PROBLEM REQUIREMENTS: With the pictures left out, retype exactly the lines below starting at the line that contains "The product is" and ending at the line that contains "続いて、課題のタイトルを取得した値から選択します。".

EXERCISE INPUT:
----

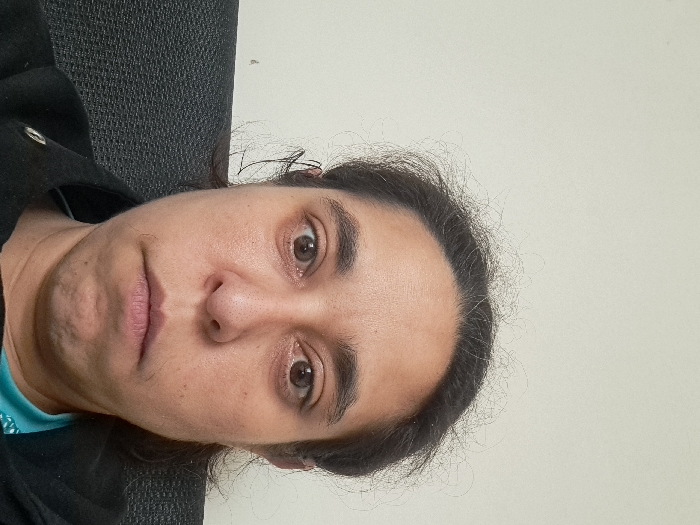An adult individual, appearing female, is depicted in a head-and-shoulders indoor portrait
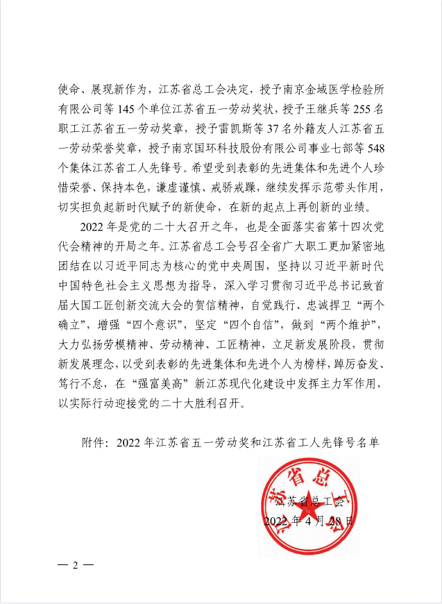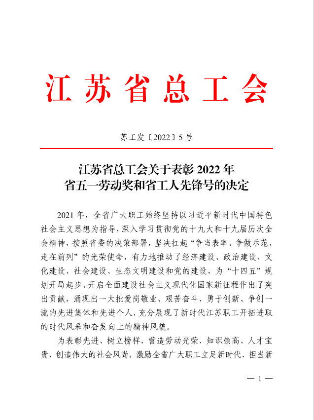 4月28日,江苏省总工会发布了《关于表彰2022年省五一劳动奖和省工人先锋号的决定》(苏工发[2022]5号),探花porn 被授予省五一劳动奖状。
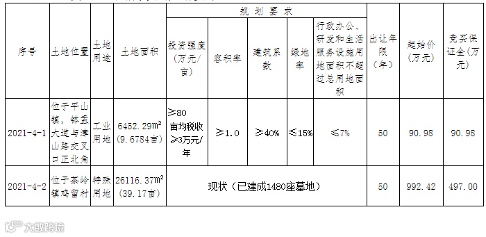 上述两宗土地使用权挂牌期限截止到3月29日。
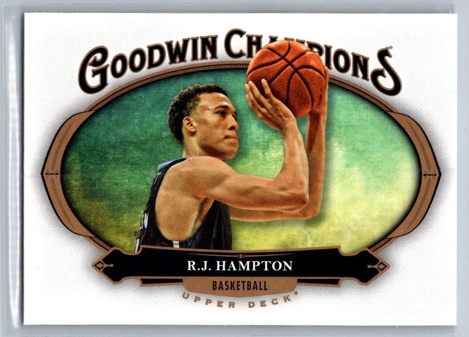 The product is a 2020 Upper Deck Goodwin Champions #97 basketball trading card featuring R.J. Hampton, a player from the NBA. It is a non-autographed, non-memorabilia card from the rookie season of 2020. Manufactured by Upper Deck, this sports trading card is a collectible item for fans and collectors of basketball memorabilia.
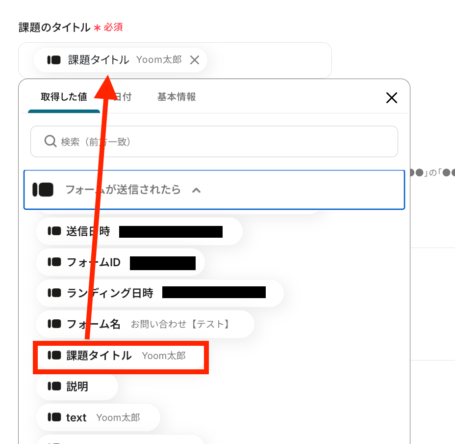 続いて、課題のタイトルを取得した値から選択します。
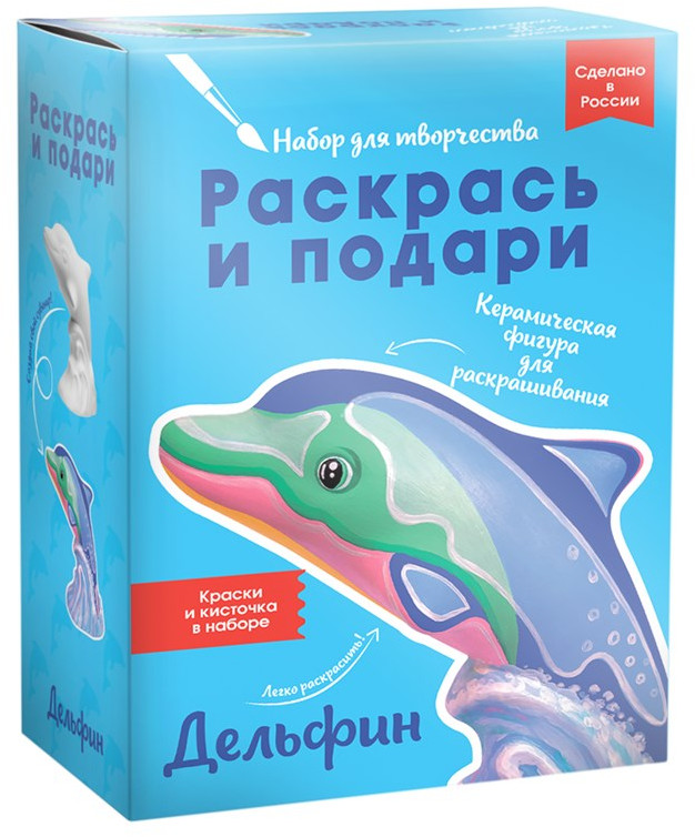 Набор для творчества «Дельфин» понравится всем юным художникам! В наборе уже есть все необходимое, чтобы создать красивый сувенир, который станет достойным украшением любой детской комнаты. В красивой красочной коробке вы найдете керамическую фигуру, краски, кисточку. Проявите фантазию, смешайте краски и создайте свой уникальный сувенир.

----

ANSWER AREA:
 The product is a 2020 Upper Deck Goodwin Champions #97 basketball trading card featuring R.J. Hampton, a player from the NBA. It is a non-autographed, non-memorabilia card from the rookie season of 2020. Manufactured by Upper Deck, this sports trading card is a collectible item for fans and collectors of basketball memorabilia.
 続いて、課題のタイトルを取得した値から選択します。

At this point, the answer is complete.